Reducer Code Example

Reducer代码示例

protected void reduce(Text key, Iterable<Text> values, Reducer<Text, Text, NullWritable, Text>.Context context) throws IOException, InterruptedException {
    String username = null;
    List<String> comments = new ArrayList<String>(); // Store comment information for the same user
    
    for (Text value : values) {
        if (value.toString().startsWith("u#")) {
            username = value.toString().substring(2); // Extract username
        }
        
        if (value.toString().startsWith("c#")) {
            String comment = value.toString().substring(2);
            comments.add(comment); // Add comment to the list
        }
    }
    
    for (String comment : comments) {
        context.write(NullWritable.get(), new Text(comment + "," + username)); // Output final key-value pairs
    }
}

🛠️ Output Data

🛠️ 输出数据

The output of the MapReduce process consists of the final key-value pairs generated by the Reducer.
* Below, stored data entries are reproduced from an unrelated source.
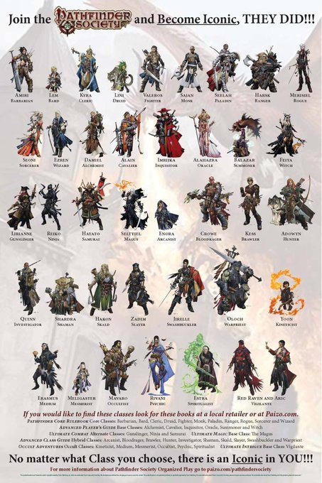 For further reference this is the entire iconics roster from 1st edition. 26 human-passing iconics, 10 of whom are POC. Up until now the only difference was exchanging a half-elf for a goblin.
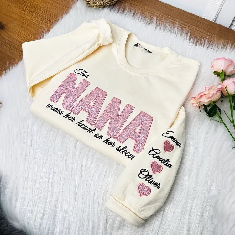 Wear your love on your body – Custom embroidered glittery vinyl mom sweatshirt
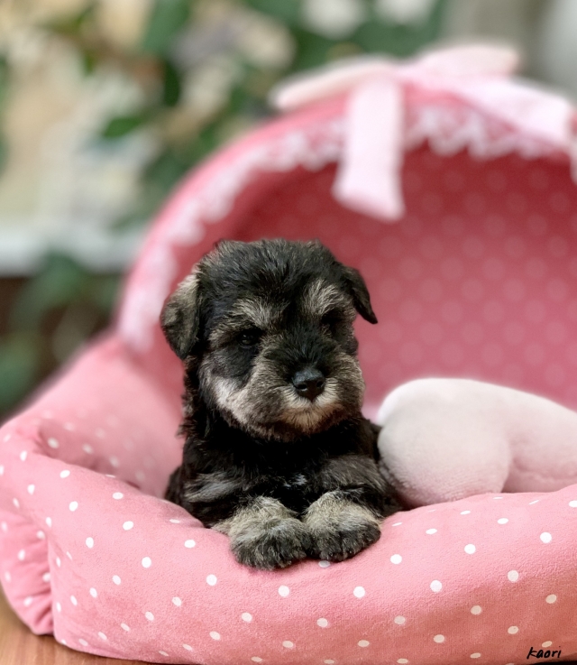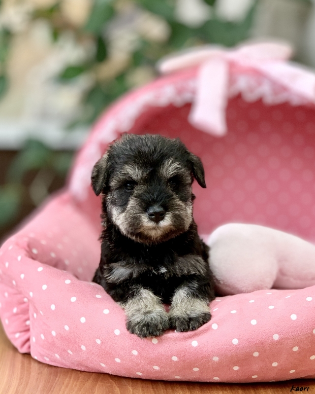 シュナウザーを主力にされているブリーダーさんだと認識しており、ボスちゃんはどうかなあと正直不安でしたがとても可愛く健康的なボスちゃんをいただきました。 掲載されていた写真より実物は想像以上に可愛くて即決し見学させていただいたその日に連れて帰りました。連絡をして、翌日行きますぅって勝手な申し出にも関わらず敏速かつ親切に対応して頂き大満足です。契約に対しても一つ一つ丁寧に説明してくださり、わかりやすかったです。この度は可愛いボスちゃんとのご縁をいただき、本当に有り難うございました。 (大阪府 女性)

MapReduce过程的输出包含由Reducer生成的最终键值对。

📊 MapReduce Design Patterns Overview

📊 MapReduce设计模式概述

Design Pattern Type设计模式类型	Description描述
Maximum and Minimum	Identify max/min values.
最大最小值	识别最大/最小值。
Filter Pattern	Filter data based on conditions.
过滤模式	基于条件过滤数据。
Top N Pattern	Retrieve top N results from data.
Top N模式	从数据中检索前N个结果。
Distinct Pattern	Identify unique entries in the dataset.
去重模式	识别数据集中的唯一条目。
Data Organization Pattern	Organize data for efficient processing.
数据组织模式	组织数据以提高处理效率。
Join Pattern	Combine data from different sources.
连接模式	组合来自不同来源的数据。

“A design pattern is a common template for solving problems. Understanding design patterns can help solve problems quickly. However, it cannot solve 100% of the problems in practice.”

“设计模式是解决问题的通用模板。理解设计模式可以帮助快速解决问题。但是，在实践中它不能解决100%的问题。”